StarRocks Roadmap 2024 #39686

Dshadowzh · 2024-01-22T11:08:28Z

Refer to roadmap 2023 2022

Shared-data & StarOS

Performance

Full columnar Json index
Cost model with primary key and foreign key constrains
Arm optimization for codecs
Adaptive DOP and adaptive query engine
Global dictionary encoding
Enhance IO schedule framework
JIT / Codegen
Fine granularity Fe lock(from db level to table level)

Easy to use

Data lake analytics

Better file format support
- Parquet reader tuning
- ORC reader tuning
Better table format support

Lake	Query	Insert	DDL	Update/Delete/Merge into	MV	Improment
Hive	1.18	3.2			2.5
Iceberg	2.1	3.1	3.3	3.3	3.0	metadata improvement
Hudi	2.2				3.0
Paimon	3.0				3.2
Delta lake	3.0				3.2

Data warehousing(batch and streaming)

Batch processing & ETL improvement

Streaming processing & real-time update

Schemaless partial update
Merge into statement
Binlog to flink and spark streaming
Transaction level incremental refresh in materialized view (Aggregation, Join, functions)
Incremental refresh for iceberg/Hudi/Paimon materialized view

All-in-one scenarios

Search: Optimize full text inverted index
Row store: Optimize row store for high concurrent point lookup
Time series db: Asof join, high concurrent ingestion
Vector database: vector index

Release

Release plan 3.3 #40907
3.4 release plan

The text was updated successfully, but these errors were encountered:

arsenalzp · 2024-01-24T08:49:29Z

Hello,
Any chance to have good-first-issue feature among those tasks?

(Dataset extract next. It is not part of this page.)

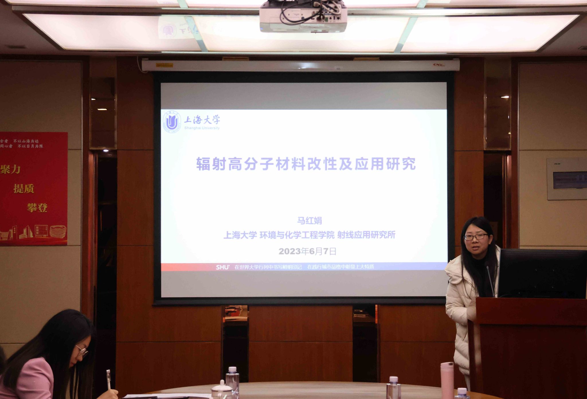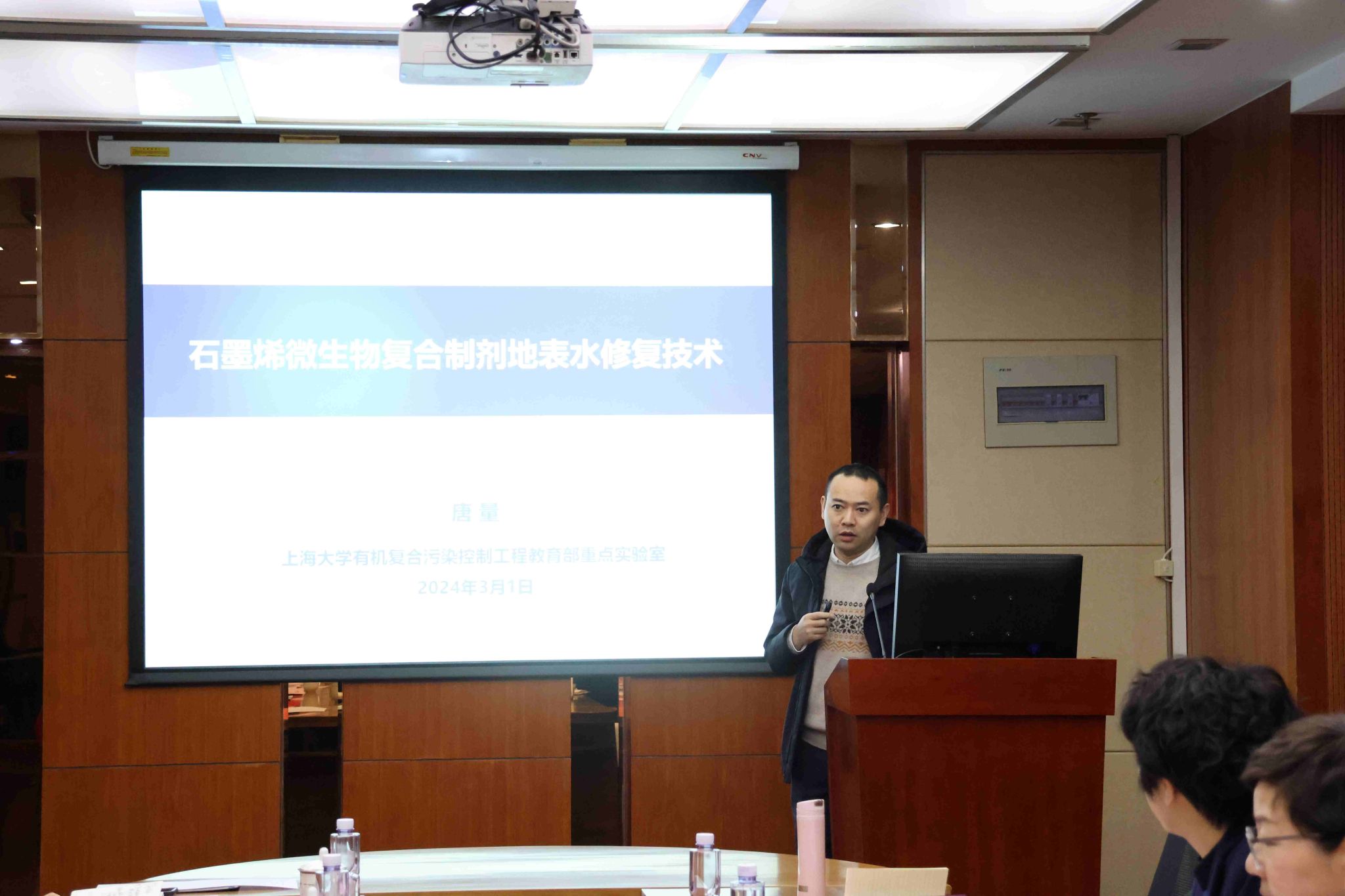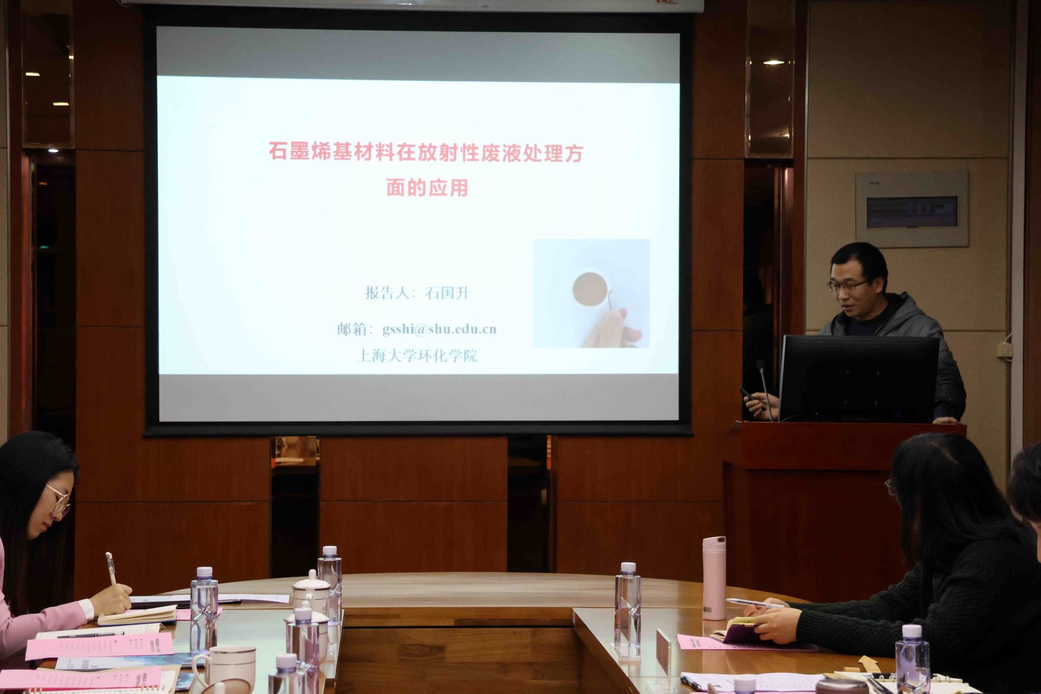 交流会上,钱冬英向赵翼鑫总经理一行的到来表示热烈的欢迎和诚挚的感谢。随后,与会双方共同观看了环化学院和中核环保有限公司的宣传片。中核环保有限公司曾毅君副总接力介绍了公司的发展情况及重点业务板块。有机复合污染控制工程教育部重点实验室常务副主任唐量研究员、环化学院副院长石国升研究员、环化学院射线应用研究所马红娟研究员分别做“石墨烯水处理技术”、“海水淡化及高放废水处置技术”及“海水提铀等技术”汇报,与会双方围绕核污染防治、水污染治理、土壤污染治理等方面展开了深入的交流。

Dshadowzh · 2024-01-25T02:56:30Z

Hello, Any chance to have good-first-issue feature among those tasks?

Welcome, you can check this #13300 first, we'll update more good-first-issues in 2024 later. Particularly regarding external catalog and connectors.

Zhangg7723 · 2024-01-25T06:14:12Z

How about incremental refresh materialized view for external table like Iceberg or Hudi? I think this feature can reduce the cost of refresh mv

Dshadowzh · 2024-01-29T06:14:17Z

How about incremental refresh materialized view for external table like Iceberg or Hudi? I think this feature can reduce the cost of refresh mv

Yes. We are considering about it, there is a Incremental refresh for iceberg/Hudi/Paimon materialized view. By the way, Iceberg and Hudi, which do you perfer?

Zhangg7723 · 2024-01-30T07:28:01Z

How about incremental refresh materialized view for external table like Iceberg or Hudi? I think this feature can reduce the cost of refresh mv

Yes. We are considering about it, there is a Incremental refresh for iceberg/Hudi/Paimon materialized view. By the way, Iceberg and Hudi, which do you perfer?

We prefer Iceberg, for better interface design and less bugs. incremental snapshot refresh is useful for non-partition table.

MatthewH00 · 2024-02-01T01:29:10Z

On yesterday 2024 roadmap meeting，mention that will support tag on BE in shared nothing mode，it like multi warehouse mechanism like in shared data mode，could split into load data warehouse\adhoc query warehouse\ETL warehouse...? And when will release?

Dshadowzh · 2024-02-04T02:01:04Z

On yesterday 2024 roadmap meeting，mention that will support tag on BE in shared nothing mode，it like multi warehouse mechanism like in shared data mode，could split into load data warehouse\adhoc query warehouse\ETL warehouse...? And when will release?

#38833 It has finished already, will be published in the next version.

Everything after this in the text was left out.